Через четверть часа процессия приземлилась у цокольного этажа высотки. Стены после недельной окраски. Кованый забор. Широкое крыльцо с навесом. Бронзовая статуя Фемиды. Золоченая вывеска: «Басманный суд».
Задержанных ввели в здание. Рамка срабатывала на каждом. Два местных охранника останавливали, помогали выворачивать карманы, заставляли вновь проходить металлоконтроль. После соблюдения мер безопасности участников «Бессмертного полка» отправили в залу с местом для судьи, креслом для свидетелей, ложем для присяжных. Ряд скамеек со спинками. Бордовые тона. Спертый воздух гнилого помещения.
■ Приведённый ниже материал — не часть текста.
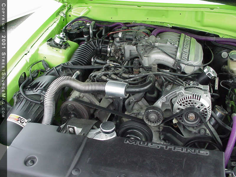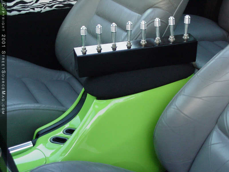 Billet & Acrylic Accessories in Vero Beach, Florida created many of the billet accents that can be found inside and out on Jay's Mustang. They custom made many of the billet parts and pieces found on Jay's Mustang, including the "Ford" billet gas cap.  For listening pleasures, Jay dropped his Mustang off at HiWay Hifi in Melbourne, Florida for a custom stereo install that not only sounds good, but also compliments the overall appearance of his ride. In the trunk, a Plexiglas box houses two JL Audio 10w6's, which are powered by a Rockford Fosgate 200 IX amp.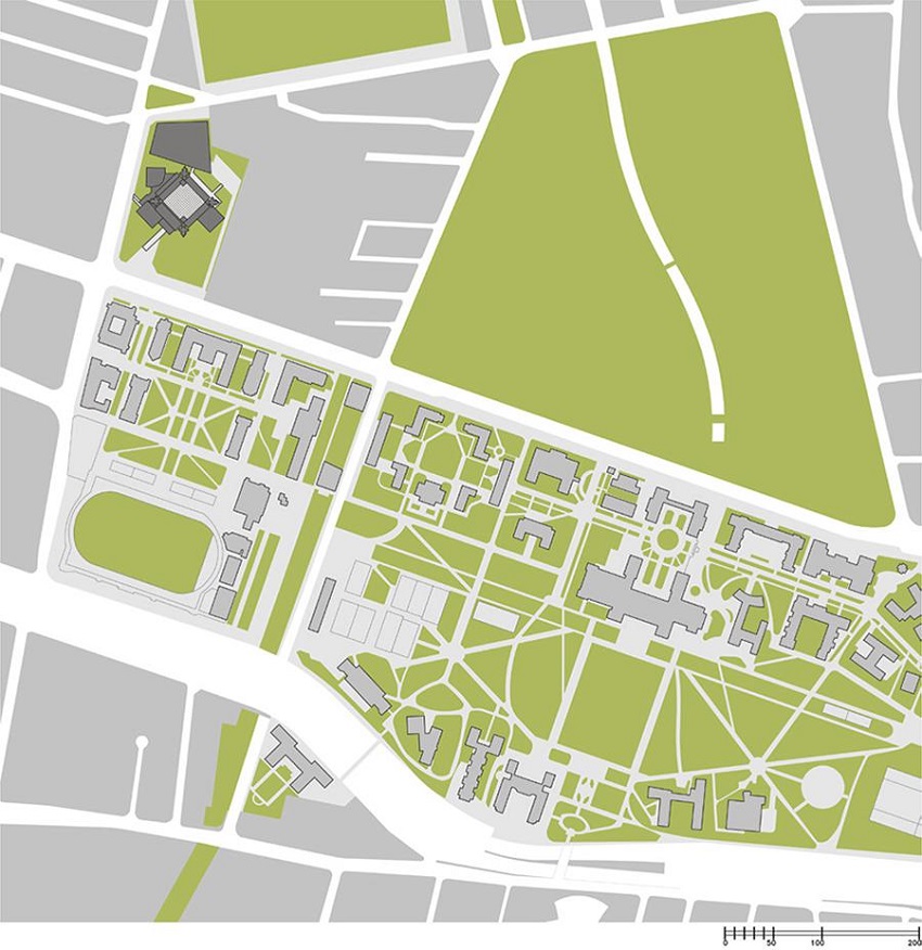 Así pues, en base a la investigación realizada, podemos establecer que la ubicación precisa del proyecto es la parcela de 15.680 m2 aproximados que ocupaba la École sobre el bulevar Jourdan, con frentes a la histórica calle de la Tombe Issoire20 y a la avenida Reille21 (Figura 3). Al superponer el anteproyecto en la parcela real, se verificó un ligero error en la geometría de la parcela debido, sin duda, a la falta de un levantamiento preciso durante el proceso de proyecto.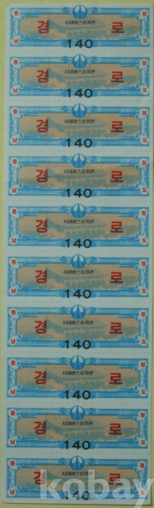 1990년대 충청남도 경로 시내버스 승차권 10장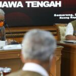Gubernur Jawa Tengah, Ganjar Pranowo saat memberikan sambutan dalam Rapat Koordinasi Penanganan Covid-19 bersama Pemerintah Provinsi Jawa Tengah di Semarang, Jawa Tengah,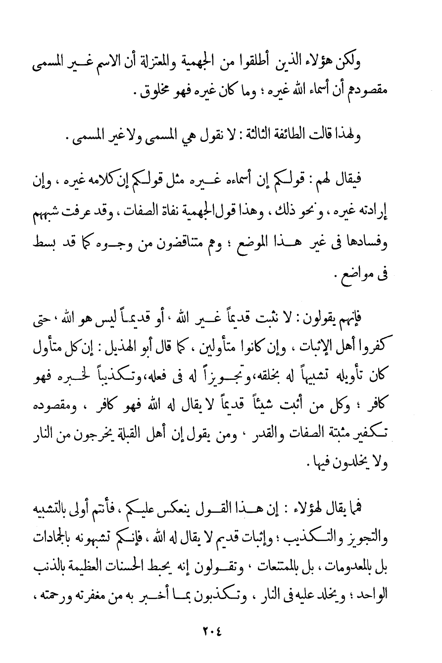 وَلَكِنْ هَؤُلَاءِ الَّذِينَ أَطْلَقُوا مِنْ الْجَهْمِيَّة وَالْمُعْتَزِلَةِ أَنَّ الِاسْمَ غَيْرُ الْمُسَمَّى مَقْصُودُهُمْ أَنَّ أَسْمَاءَ اللَّهِ غَيْرُهُ؛ وَمَا كَانَ غَيْرُهُ فَهُوَ مَخْلُوقٌ. وَلِهَذَا قَالَتْ الطَّائِفَةَ الثَّالِثَةَ: لَا نَقُولُ هِيَ الْمُسَمَّى وَلَا غَيْرُ الْمُسَمَّى. فَيُقَالُ لَهُمْ: قَوْلُكُمْ إنَّ أَسْمَاءَهُ غَيْرُهُ مِثْلَ قَوْلِكُمْ إنَّ كَلَامَهُ غَيْرُهُ وَإِنَّ إرَادَتَهُ غَيْرُهُ وَنَحْوُ ذَلِكَ وَهَذَا قَوْلُ الْجَهْمِيَّة نفاة الصِّفَاتِ وَقَدْ عَرَفْت شُبَهَهُمْ وَفَسَادَهَا فِي غَيْرِ هَذَا الْمَوْضِعِ؛ وَهُمْ مُتَنَاقِضُونَ مِنْ وُجُوهٍ كَمَا قَدْ بُسِطَ فِي مَوَاضِعَ. فَإِنَّهُمْ يَقُولُونَ: لَا نُثْبِتُ قَدِيمًا غَيْرَ اللَّهِ؛ أَوْ قَدِيمًا لَيْسَ هُوَ اللَّهُ حَتَّى كَفَّرُوا أَهْلَ الْإِثْبَاتِ وَإِنْ كَانُوا مُتَأَوِّلِينَ كَمَا قَالَ أَبُو الهذيل: إنَّ كُلَّ مُتَأَوِّلٍ كَانَ تَأْوِيلُهُ تَشْبِيهًا لَهُ بِخَلْقِهِ وَتَجْوِيزًا لَهُ فِي فِعْلِهِ وَتَكْذِيبًا لِخَبَرِهِ فَهُوَ كَافِرٌ؛ وَكُلُّ مَنْ أَثْبَتَ شَيْئًا قَدِيمًا لَا يُقَالُ لَهُ اللَّهُ فَهُوَ كَافِرٌ وَمَقْصُودُهُ تَكْفِيرُ مُثْبِتَةِ الصِّفَاتِ وَالْقَدَرِ وَمَنْ يَقُولُ إنَّ أَهْلَ الْقِبْلَةِ يَخْرُجُونَ مِنْ النَّارِ وَلَا يُخَلَّدُونَ فِيهَا. فَمِمَّا يُقَالُ لِهَؤُلَاءِ: إنَّ هَذَا الْقَوْلَ يَنْعَكِسُ عَلَيْكُمْ فَأَنْتُمْ أَوْلَى بِالتَّشْبِيهِ وَالتَّجْوِيزِ وَالتَّكْذِيبِ؛ وَإِثْبَاتِ قَدِيمٍ لَا يُقَالُ لَهُ اللَّهُ فَإِنَّكُمْ تُشَبِّهُونَهُ بِالْجَمَادَاتِ بَلْ بِالْمَعْدُومَاتِ بَلْ بِالْمُمْتَنِعَاتِ وَتَقُولُونَ إنَّهُ يُحْبِطُ الْحَسَنَاتِ الْعَظِيمَةَ بِالذَّنْبِ الْوَاحِدِ؛ وَيُخَلَّدُ عَلَيْهِ فِي النَّارِ وَتُكَذِّبُونَ بِمَا أَخْبَرَ بِهِ مِنْ مَغْفِرَتِهِ وَرَحْمَتِهِ

Судья, старичок в седовласом парике и черной мантии в традициях английского права, кряхтел, попивая кофе. Досаждали мухи, летевшие на лоск парика и белизну чашки. Дедок вяло отмахивался, стараясь несильно трепыхать воздух. По дороге на работу он успел бегло ознакомиться с видеозаписями и внутренне досадовал за раннее выдергивание из постели с теплой «уткой». Анахронизм, доставшийся от бабушки. Семидесятилетний мужчина пытался лечить геморрой новомодными средствами, мазями, кроватью с подогревом, но лучше всех помогала именно «утка». Он безумно дорожил резиновым бурдюком, таких давно не выпускали. Несколько раз приходилось чинить, и то в гаражном автосервисе. Фирмы по починке и ремонту почти исчезли, – дешевле купить новую вещь, нежели залатать старую.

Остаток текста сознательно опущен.